GI has been investigated from a number of perspectives across the different contexts described above. Highlights from this UREx work are listed below:
Workshops & Engagement:
- GI Virtual Innovation Plazas
- From Nov 2018 to March 2019, three online dialogues focused on practitioner experiences of successful green infrastructure implementation stories from Portland (Oregon), Bogotá (Colombia), and Phoenix (Arizona).
- GI workshop in Baltimore:
- On 18 April 2019, a workshop on Pathways to Green Infrastructure Implementation was held to identify design principles and best practices for working with communities on GI implementation, including a special presentation from Blue Water Baltimore’s Ashley Traut on how to put people first in the planning process.
- Graduate and postdoctoral fellows have produced several episodes of the Future Cities podcast about various diverse forms of green infrastructure and the impacts of that GI. Below are those episodes:
- Financing green infrastructure is difficult. As a new and yet-to-be-standardized form of infrastructure, many different sources are often cobbled together to fund emerging green infrastructure programs in the United States. A recent review of an ASLA project database of green infrastructure projects summarizes current strategies in place (Zimmerman, Brenner, and Llopis Abella 2019).
- Green infrastructure has evolved over more than a century, co-exists with other forms of infrastructure, such as gray infrastructures, and can be integrated with these other forms (Zimmerman, Grimm, and Brawley-Chesworth 2020).
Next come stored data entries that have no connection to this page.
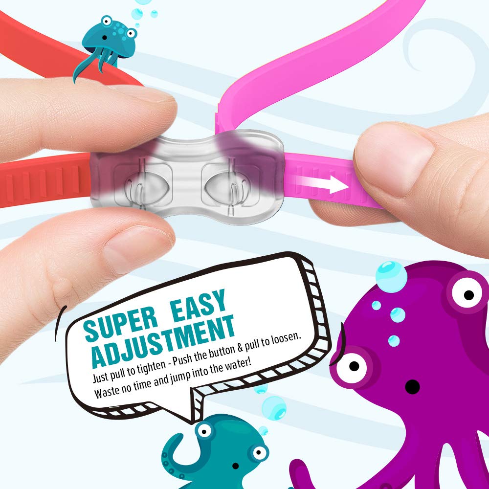 OutdoorMaster Kids Swim Goggles 2 Pack – Quick Adjustable Strap Swimming Goggles for Kids – E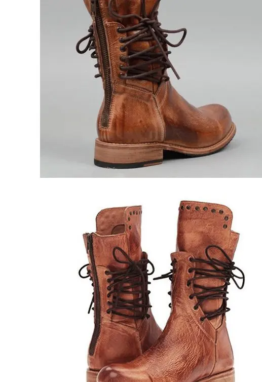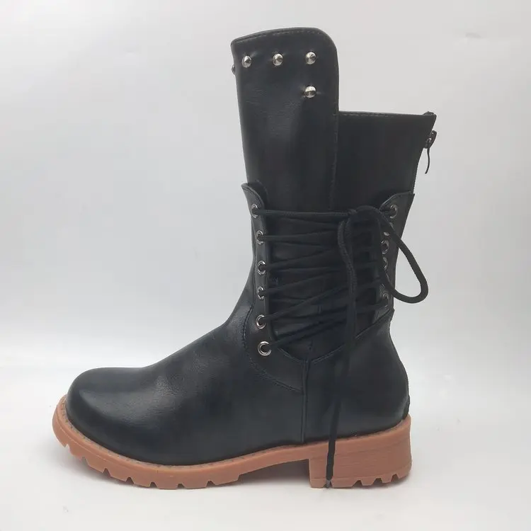 Женские ботинки до середины икры, с заклепками, на квадратном каблуке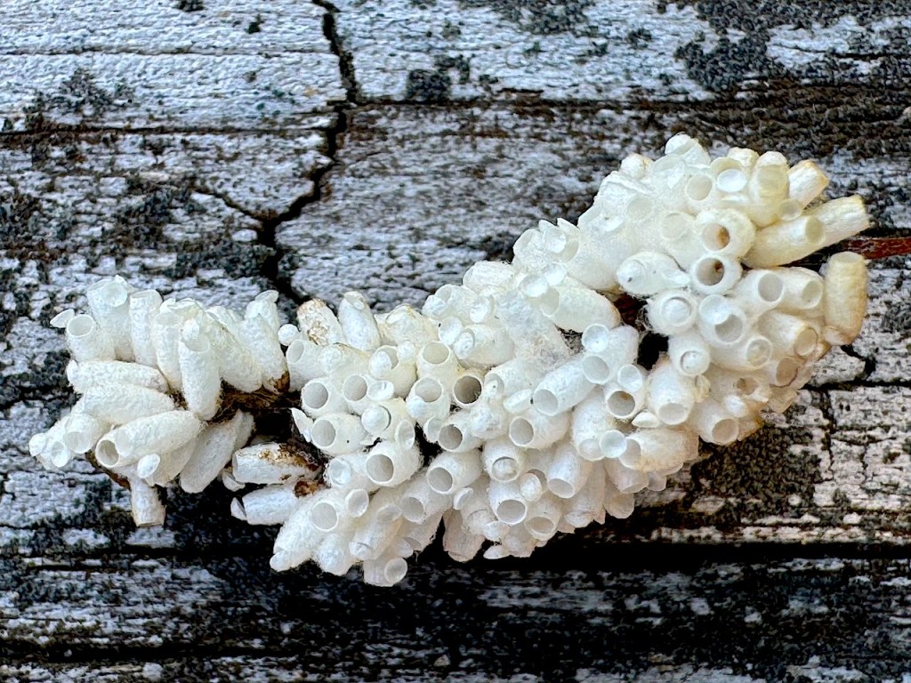 Looks like barnacles, but it’s the egg sac for tiny, parasitic (but beneficial) braconid wasps. These are most likely Cotesia congregates. The adult wasp lays eggs directly onto a mature Tomato Hornworm, the eggs hatch and the baby parasitic wasps eat the hornworm. It’s the Circle, the Circle of Life.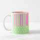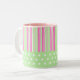 Caneca customizável que caracteriza padrões bonitos de listras e de bolinhas cor-de-rosa e verdes.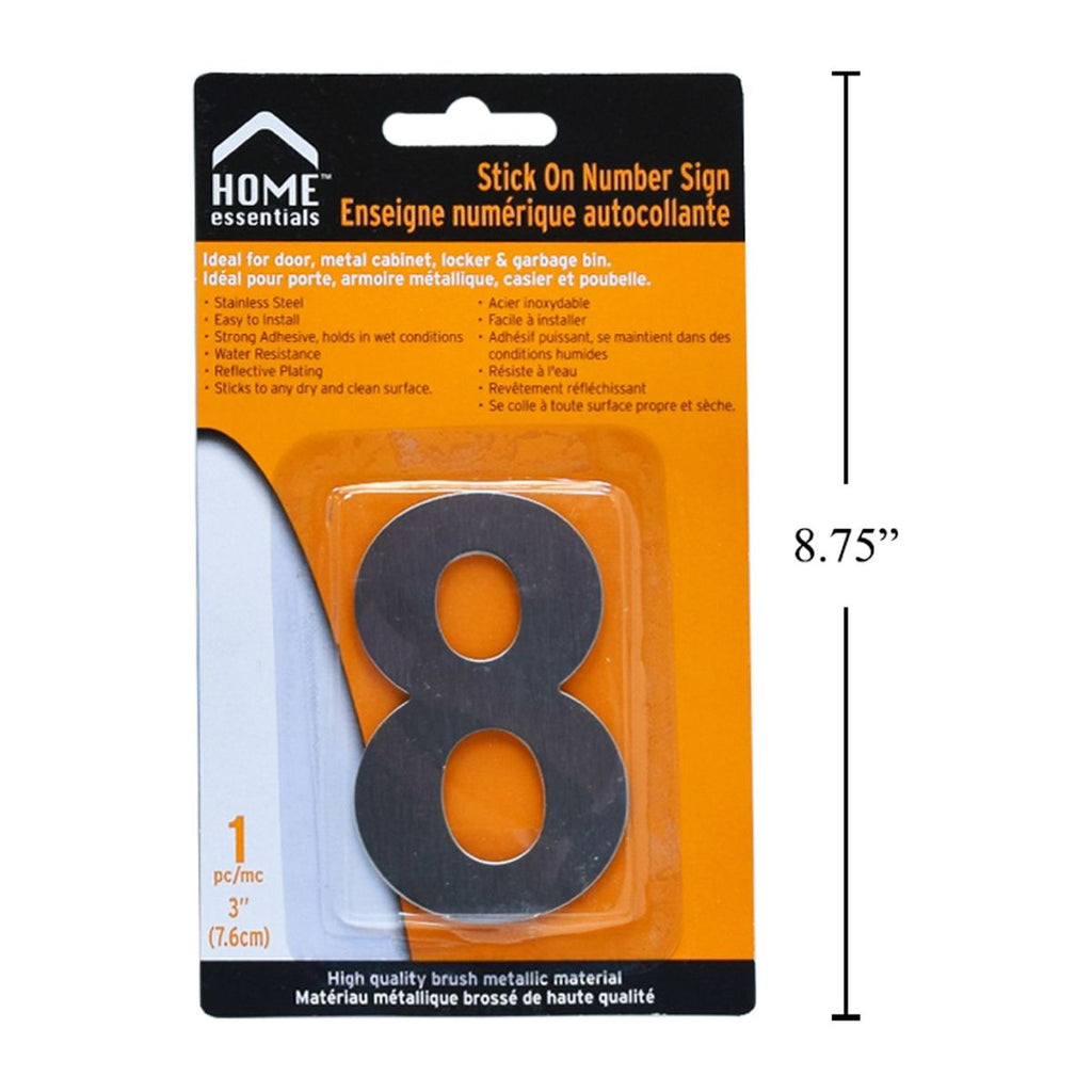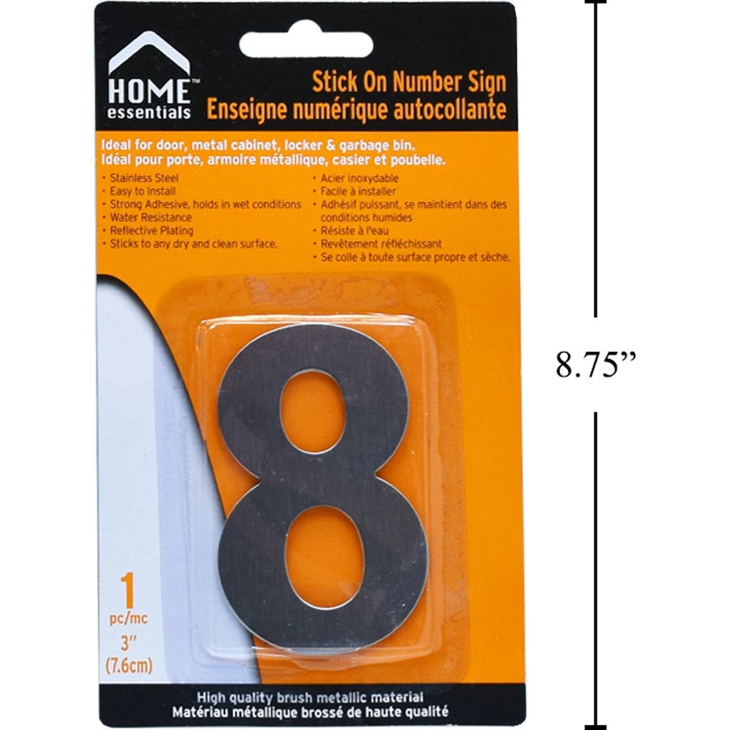 Letrero Señal numérica adhesiva de 3'' # 8 Acero inoxidable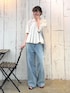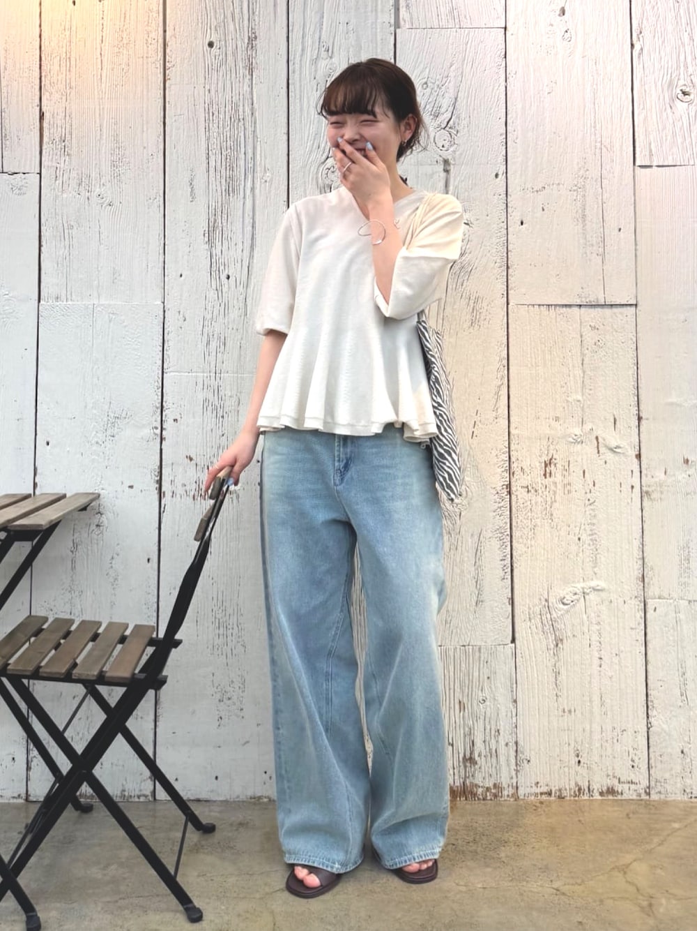 1枚で着映えるペプラムニット! 甘めコーデが苦手な私は、ワイドデニムと合わせて カジュアルにシフト。 シルエットも綺麗で、肉感も拾わない! 真夏にもぴったりなサラサラした素材感でロングシーズン着られそうです◎

- Most existing green infrastructure is designed to accommodate average events, not extreme events. Research looking at design storms used to size green stormwater infrastructure facilities (i.e. bioswales, green roofs) has shown that most cities in temperate regions design green infrastructure facilities to accommodate average rainfall and stormwater runoff events; in extreme, concentrated rainfall events – called cloudbursts – these green stormwater infrastructure facilities are quickly overwhelmed (Rosenzweig et al. 2018).
- Cities are beginning to work together to share knowledge and develop stormwater GI that provides ecosystem services between rain events, during conventional design storms, and under extreme rain conditions (Rosenzweig et al. 2019).
- The New York City Green Infrastructure Plan demonstrates how innovative, engineered systems that mimic natural water cycling processes can be utilized to improve water management in an ultra-urban setting. Although New York City has not been able to meet anticipated stormwater management milestones, the city demonstrated that green infrastructure could be successfully deployed in even its densest communities and that the use of green infrastructure can be institutionalized into city operations (Rosenzweig and Fekete, 2018).
- Green stormwater infrastructure (GSI) is more concentrated in affluent neighborhoods in Baltimore and Portland, indicating that there are distributional equity concerns in those cities. Cities may need to allocate more resources to less affluent diverse neighborhoods that do not currently have GSI (Baker et al. 2019).
- Spatial distribution of GSI matters. Distributed GSI outperformed centralized structures, reducing runoff ratio, peak discharge, and flashiness index in a suburban Portland neighborhood. The findings of this research indicate that downstream flooding could be reduced more effectively with a careful spatial design of GSI (Fahy and Chang 2019).
- Comparison of green infrastructure types and policies across contexts (McPhillips and Matsler 2018)
- Socio-ecological frameworks for stormwater management (Flynn and Davidson 2016)
- A framework called “climate justicescapes” integrates SETs vulnerability indices and spatial analysis in 48 continental US states to identify hotspots of climate justice in cities. This helps identify gaps and prioritize resources for investing in GI in vulnerable communities (Cheng 2020).
- Social microbial activity in bioswales was tested across multiple UREx cities (Rivers 2018).